Effect of Zwitterionic Additives on Solvation and Transport of Sodium and Potassium Cations in (Ethylene Oxide)₁₀: A Molecular Dynamics Simulation Study

Round 1

Reviewer 1 Report

The manuscript, entitled by “Effect of Zwitterionic Additives on Solvation and Transport of Sodium and Potassium Cations in (Ethylene Oxide)10: a Molecular Dynamics Simulation Study” (nanomaterials-2742706), investigated the dissociation effects of three ZW molecules on Na⁺ and K⁺ in ethylene oxide through molecular simulations. The author provided lots of results, the presentation and discussion were similar with the previously publication (Ref. 24 distinct effects of zwitterionic molecules on ionic solvation in (ethylene oxide)₁₀: a molecular dynamics simulation study). So, the deep discussion of difference between the Li⁺ and Na⁺/K⁺ have been expected in current work. The manuscript could be recommended for publication after addressing following issues:

1.      More discussions should be added in results section. Moreover, only two publications, both from authors’ group have been cited in current version. More experimental and theoretical works should be added in this section to validate the simulated results.

2.      The difference behaviors between Li⁺ and Na⁺/K⁺ have been simply attributed to the ionic size. More factors should be considered, including chemical activity, electronegativity, etc.

3.      What boundary conditions did the authors adopted in the simulation?

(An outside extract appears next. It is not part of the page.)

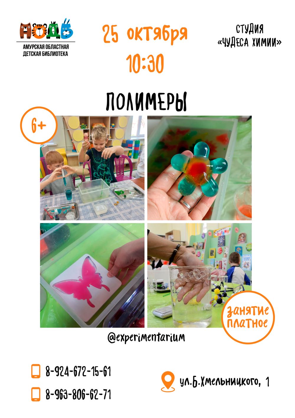 25 октября приглашаем юных экспериментаторов на занятие «Полимеры» ( 6+). Юные экспериментаторы узнают, что общего между тефлоном и ДНК, приготовят огромные спагетти и множество забавных фигур из а...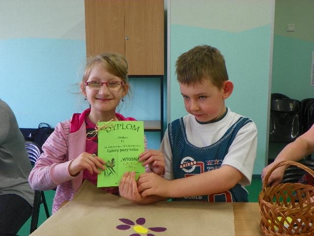 Wszystkie klasy otrzymały pamiątkowe dyplomy oraz nagrody: zestawy artykułów papierniczych, które na pewno przydadzą się do wykonania prac plastycznych o wiośnie.

As seen in Fig.2, there is vacuum region in the simulation box. How to deal with the periodic interaction?

4.      For improving the understandability and readability, the analysis methods should be briefly introduced in Methodology, including Radial distribution functions, etc. The equation for C(t) curve (Eq.(2)) should also be moved to Sec. 2. 

Author Response

Please see the attachment.

Author Response File: Author Response.pdf

Reviewer 2 Report

This paper by Shao and coworkers investigates mixtures of short-chain ethylene oxide, sodium/potassium TFSI salts, and zwitterions through molecular dynamics simulations. This work is situated within an impactful area of polymer science, its focus on zwitterions is particularly well timed due to recent advances in this area. Herein these workers focus on the coordination and dynamics of these mixtures.  The structure-property trends that the researchers find are somewhat predictable based on other work in this area, yet still would be valuable to workers in this field. This is a high-quality work, however significant modifications could be made to improve the publication – some suggestions are included below.

·         Page 1 line 10: “Solid polymer electrolytes (SPEs) are essential 10 for safer and more efficient Na+ and K+ batteries because they often exhibit low ionic conductivity 11 at room temperature” – I do not think this statement is what was intended here, low ionic conductivity is a disadvantage of SPEs, not an advantage.

·         Page 1 line 13-15: “we investigated the 13 dissociation effects of three ZW molecules (MPC: 2-methacryloyloxyethyl phosphorylcholine, SB: 14 sulfobetaine ethylimidazole, CB: carboxybetaine ethylimidazole) on Na+ and K+ in ethylene oxide” – this is unclear, what are the ‘dissociation effects’?  Please clarify this in the abstract.

·         I would strongly suggest that the zwitterions are given names and that the structures are presented at least one time in a form that is easily readable by an organic chemist.  Figure 1 is the only place that these structures are presented and in this figure it is challenging to determine what the actual chemistries are.  I would suggest that you replace these ball-and-stick representations with more typical chemistry drawings.  Further, I would name the molecules according to their relevant chemistries, rather than complex chemical abbreviations, this will allow readers to understand diagrams significantly better.  E.g. instead of calling [sulfobetaine ethylimidazole]  SB, I would call it Eth-Im-C3-SO3, or something similar that gives the reader information about the molecule, rather than just being an acronym to reference back to the abstract.  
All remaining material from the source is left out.